Поцеловав его холодную исхудалую руку, Даша убрала со стола.

— А ты ласкова, молодица. Не скажешь, что из княжон.

— Отец крепостным был. Уж потом в князья выбился.

Старик кивнул, посоветовав:

— С мужем ласковей будь. Деток ему здоровых рожай. И верь в доброе. Детьми да верой силен человек. Поняла ли?

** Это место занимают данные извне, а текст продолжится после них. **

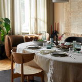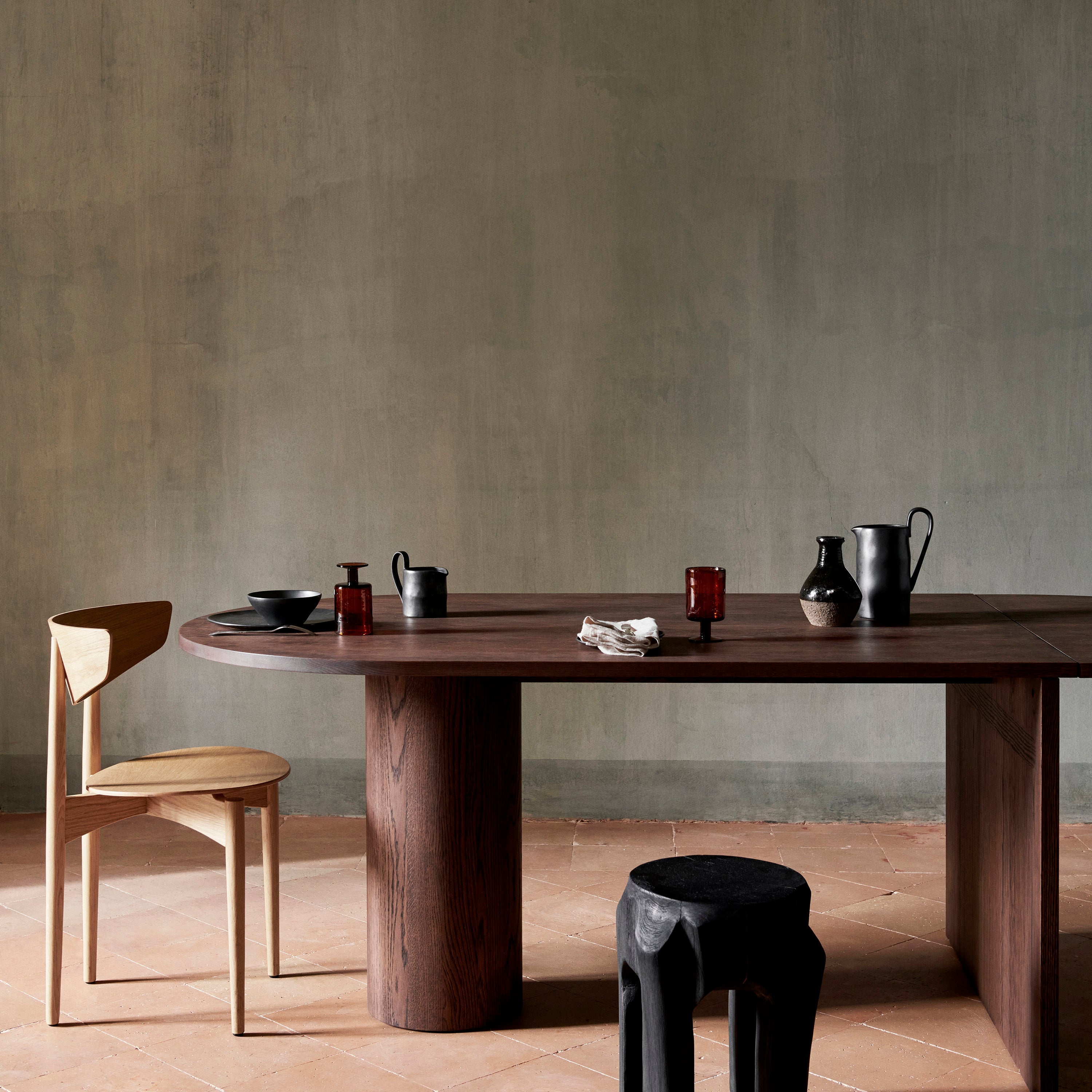 The Herman Dining Chair blends modern design with practical functionality. Constructed entirely from FSC™-certified wood, it features a solid natural oak frame complemented by a seat and backrest in natural oak veneer. The broad, curved backrest provides ample support and doubles as an armrest. Designed in collaboration with Herman Studio, the chair is stackable for convenient storage and is available in various finishes, including natural oak, black, and red-brown.

— Все поняла, дед Корниша, — тихо, истово молвила Даша. Хотелось ей пасть на колени перед старым бунтарем, отринувшим бога. И если есть он, господь, за то спросится с деда. Но старик не страшится, отрезвел от слепой веры, стал веровать разумно, истинно. Господь — отец человеков. Богородица — мать. Отец и мать любят и оберегают детей своих, в любви, в почитании их растят… Разве допустят они, чтоб дети сами себя сжигали? Любовь ответной любви требует, любви, а не изуверства. Сгорев, род свой прервешь… завет бога самого не исполнишь: «Плодитесь, размножайтесь!» Дедушка, дедушка! До чего ж ты отчаянный! А я страшусь… Вот ежели не грянет сейчас гром, стрела огненная не упадет…»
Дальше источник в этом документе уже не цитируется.